Picture courtesy of Wikimedia Commons.
And I’m not ashamed of that.
That’s because I love the domestic arts. I love to cook, can, and (sometimes) clean.
I just ordered sourdough starter because I’m going to make SO MUCH SOURDOUGH BREAD.
Also, I love sewing, crocheting, and knitting.
I plan to start quilting ASAP.
In many ways, I’m a pretty traditional gal.
For example, John and I just celebrated our 29th wedding anniversary, and I consider it a privilege to be John’s wife.
It’s the most important thing to me.

My beloved.
Many days, I look like a traditional housewife, or TradWife, as they are called on social media.
TradWives are women who celebrate the traditional housewife role.
They often dress like traditional housewives in aprons, skirts and very feminine clothing.
And if they have social media accounts, they often film videos or take pictures of themselves cooking, cleaning, and tidying up the house for their man.
Often Trad Wives celebrate their embrace of traditional wifely habits as a rebellion against the modern, feminist lifestyle.
The idea is that contemporary feminist ideals, so TradWife thinking goes, lead women to reject homemaking, femininity, and traditional roles of womanhood as something women should despise and find oppressive.
Now given that I often look and behave like a Trad Wife, and given that Trad Wives often reject feminist ideals, it may surprise you to learn that I consider myself a feminist.
When I say I am a feminist, I mean a very specific thing.
I mean that I believe that men and women are equal in terms of their human dignity and are meant to be equal partners in the home, in business, in politics, and in church.
Women are not, as some people have historically believed, defective or inferior men.
Here are some further things I do and don’t believe as a feminist.
I don’t think a women’s place is in the home, although I love being a domestic goddess.
And I don’t think the purpose of women is to be a wife and have children, although I think marriage and children are a blessing.
The purpose of women (like men) is to live out their purpose and passion in the world for the good of everyone.

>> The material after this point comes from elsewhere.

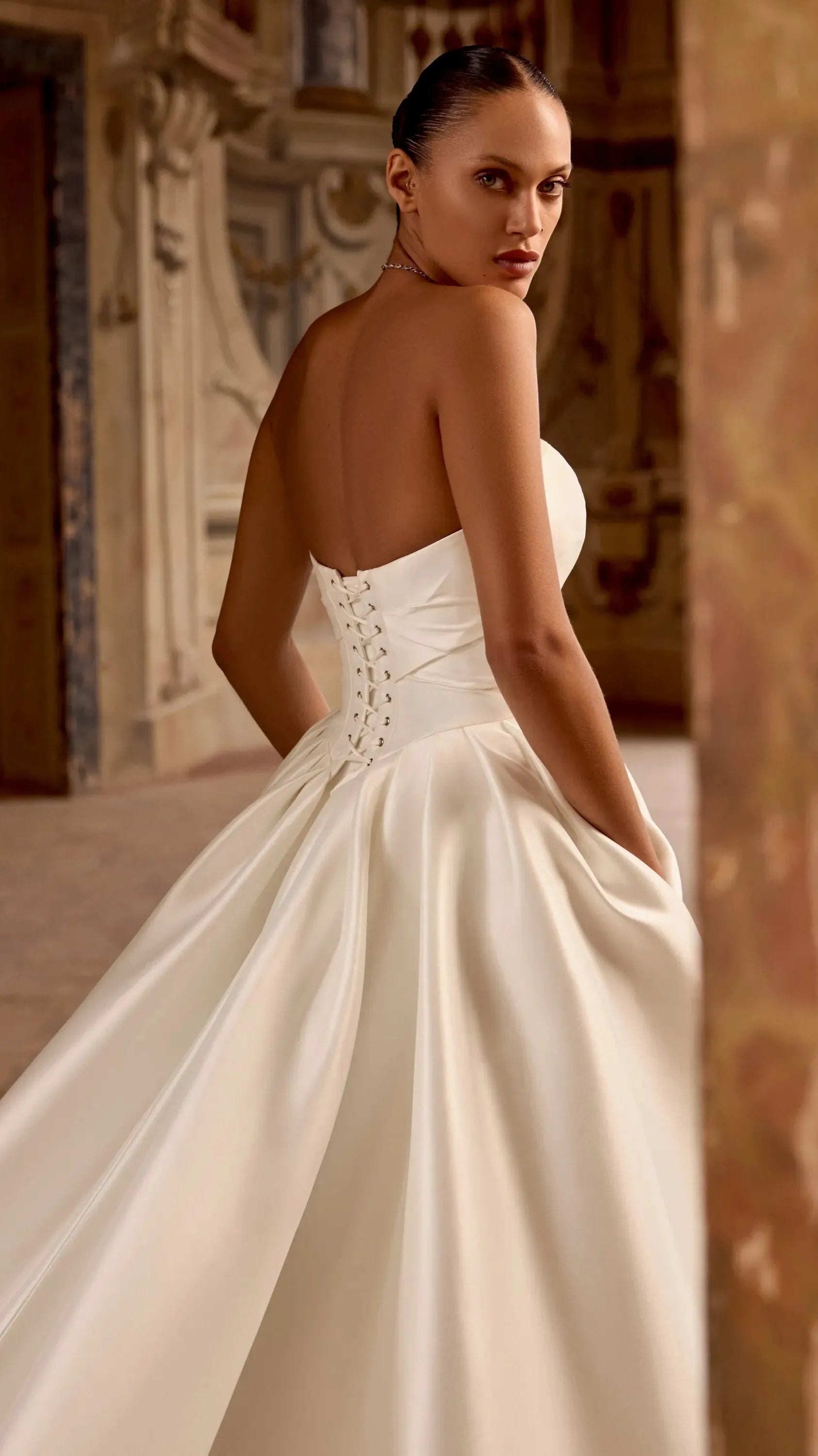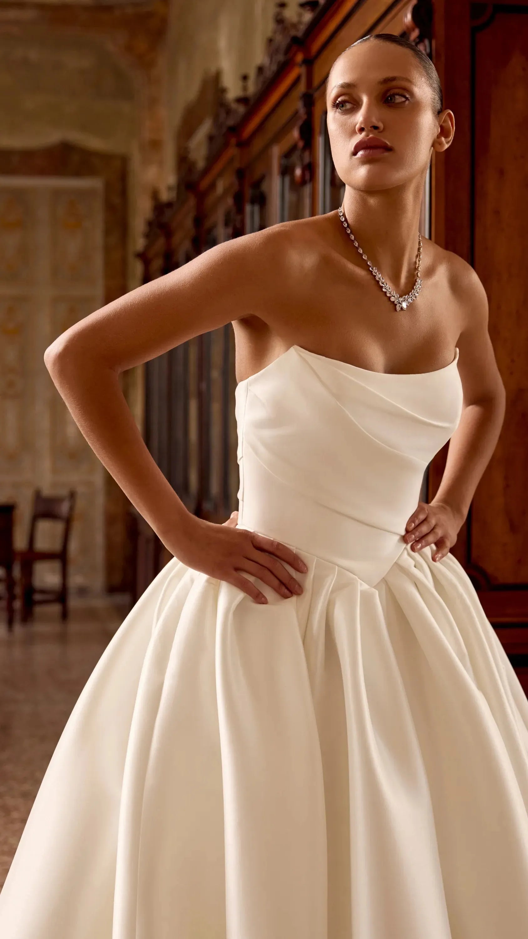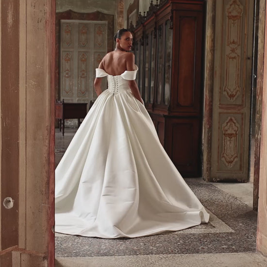 Kelsey - Clean Mikado ball gown with strapless scoop neckline. Bodice features ruching across front and back. Skirt is accented with knife pleating at the basque waistline and includes pockets. Finished with a lace up back with a modesty panel. Complete with a chapel length train. Version with zipper back closure available as 88436Z.
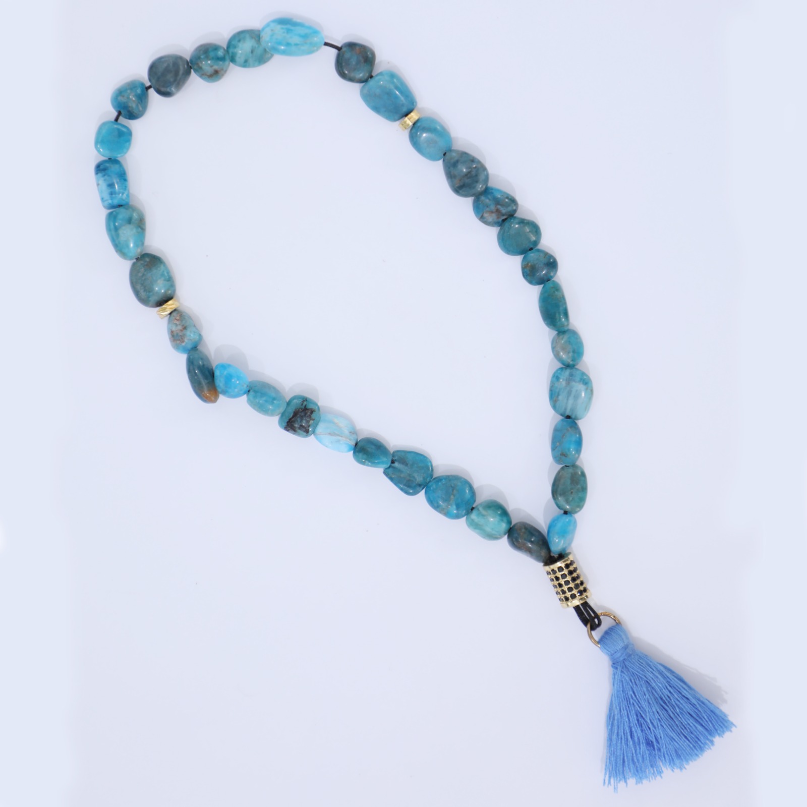 Ce chapelet est entièrement composé de perles d’Apatite, une pierre aux nuances de bleu profond, de vert émeraude ou de jaune. Reconnue comme une pierre d’inspiration et de motivation, l’Apatite stimule la créativité, la clarté mentale et l’expression de soi. Elle aide à dissiper la confusion et à renforcer la confiance, vous permettant de poursuivre vos objectifs avec détermination. C’est un allié idéal pour la méditation, pour ceux qui cherchent à s’épanouir sur le plan personnel et professionnel, ou pour cultiver une attitude plus positive.

Picture courtesy of Wikimedia Commons.
And each individual person—male or female—must figure that purpose and passion out for themselves.
In addition, I believe that women are just as capable as men of doing activities traditionally considered masculine.
I also believe that the world is a better place when women are allowed to participate in arenas from which they were historically excluded.[1]
And because I am a feminist in this sense of the word, I often end up doing very feminist-looking things.
For example, I have my PhD in philosophy (often considered a male discipline).

And I have also written three books on logic (also often considered a male discipline).
I also once got sent to the principal’s office in high school for arguing with my teacher’s interpretation of scripture at the Christian school I attended.[2]
I thought my questions were respectful, but he thought otherwise. So, to the principal’s office I went.[3]
In addition, I have also worked full-time or almost full-time outside the house my whole adult life.
As such, sometimes I have been the bread winner of the house, and sometimes my husband has been.
Also, I am trying to learn how to mow the lawn and weed-eat and do other chores often considered masculine.
This only seems right and fair to me, given that my husband does the dishes, often considered a feminine chore, more often than I do.
I don’t do these things to be a feminist, just like I don’t cook and can to be a TradWife.
I cook, can, study philosophy, write books, and sometimes argue with scriptural interpretations because I am a human being living out my passion and purpose in the world to the best of my ability.
The other day, thinking about the various hobbies and roles I take on, I joked with my husband that I was going to start a TikTok account called Feminst Trad Wife and make everyone mad.
I don’t really want to make everyone mad.
But such an account would likely anger some people on both sides of the issue.
That’s because people often think that it must be either-or: either you are a traditional wife. Or you are a feminist.
But it’s completely unnecessary to think in these false binaries.
After all, women can believe in the equality of men and women and still love to clean, cook, and can.
That’s because the domestic arts are beautiful.
Eating nourishing food grown close to home is beautiful.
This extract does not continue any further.